In 2003 Lepratti's former house was turned into a culture house (Bodegón Cultural Casa de Pocho), which includes a Popular Library. The library published a book, Pocho vive ("Pocho Lives"), with collaborations including Father Montaldo's stories about the daily work of Lepratti, details of the investigation of his murder, and an analysis of groups of marginalized people brought together by solidarity.

A square located in Barrio Ludueña, near Lepratti's house, was renamed Plaza Pocho Lepratti, and the Carnival season, along with Lepratti's birthday, is celebrated there every year by a murga and by rock bands, formed in part by local young people that he coached and taught. The commemoration of Lepratti's birth in 2006 gathered more than 6,000 people.

In 2003, the municipality of Rosario opened a public primary healthcare center in Barrio Las Flores, with the name of Pocho Lepratti, besides the school where he was killed.

In 2004, Rosario audiovisual producer Francisco Matiozzi made a documentary film, Pochormiga about Lepratti, which was awarded the Best Documentary Film Award at the Rosario Latin-American Video Film Festival, among other awards and special mentions. The title, a conflation of Pocho and the Spanish word hormiga ("ant"), alludes to Lepratti's minuscule but busy and perseverant work.

It was shown in the Congreso de laS LenguaS (a counter-cultural meeting held in parallel with the Third International Congress of the Spanish Language), and in public theaters and culture centers in Rosario and Buenos Aires. It received the Best Short Subject Film on Human Rights Award at the Third FEISAL Festival in Buenos Aires in June 2005, an accomplishment that earned it more international coverage. In November 2005, it was presented at the Deliberative Council of Rosario, and 250 copies were given to public schools of the city.

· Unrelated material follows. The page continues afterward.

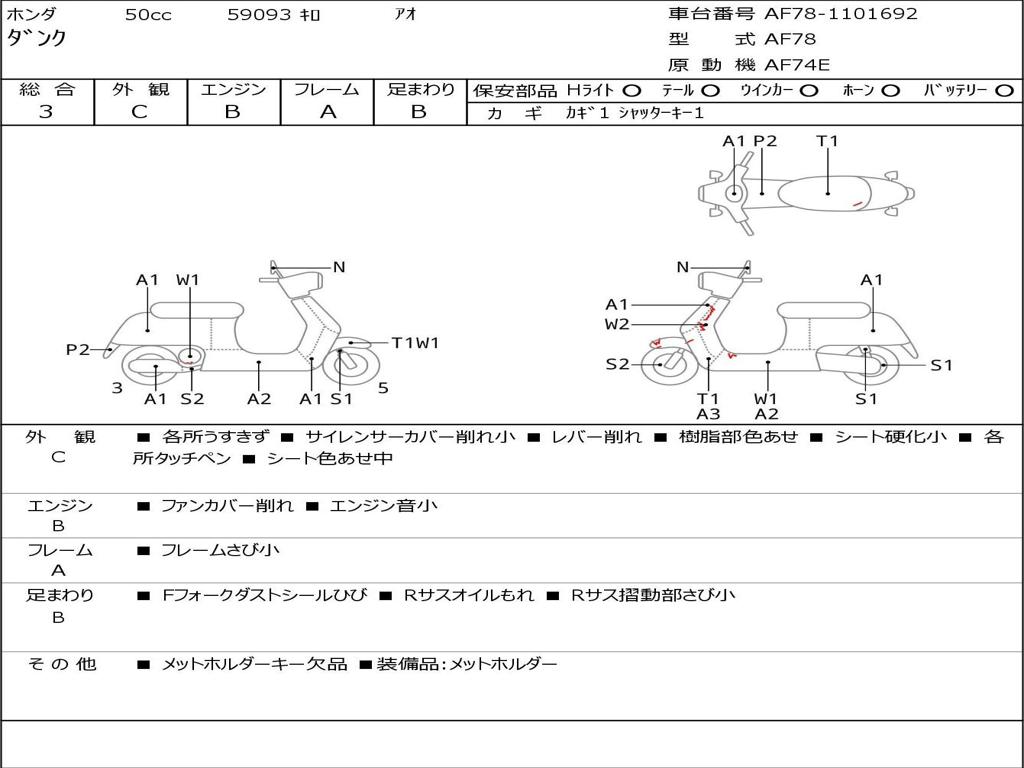 | Номер рамы / VIN | AF78-1101692 |

Popular folk-rock composer León Gieco, well known for his involvement in social causes, wrote a song dedicated to Lepratti, El ángel de la bicicleta ("The Angel of the Bicycle", alluding to Lepratti's main means of transportation). The song was released as a single from Gieco's 2005 album Por Favor, Perdón y Gracias. The music video for the single shows scenes of the December 2001 riots and the police repression, along with people writing allegorical graffitis about Lepratti. Such graffiti commonly appear with the phrase Pocho vive ("Pocho Lives") and the picture of an ant or a winged silhouette (an angel) riding a bicycle, and they have sprung up in Rosario's walls, including the downtown area. This graffiti should not be confused with Fernando Traverso's Bicis, an unrelated memorial art expression.

On the fourth anniversary of the riots, a demonstration in Rosario demanded punishment for the nine deaths occurred in the days between 18 December and 21 December 2001 in Santa Fe, of which only the direct responsible of Lepratti's has been tried. A statement, read in part by Lepratti's sister Celeste, claimed that there was a defined operational scheme coordinated by the national government to repress protests with lethal force. They laid down the blame for Santa Fe's murders on then-governor Carlos Reutemann, and criticized the workings of the Judicial Branch, which let many policemen and officials free and slowed down or paralyzed the investigations.

In 2006 the Deliberative Council of Concepción del Uruguay, Lepratti's birthplace, approved a project to build a commemorative monument. A contest of ideas was opened in September, to decide on its design. The municipality of Concepción del Uruguay had already named a street in Lepratti's homage.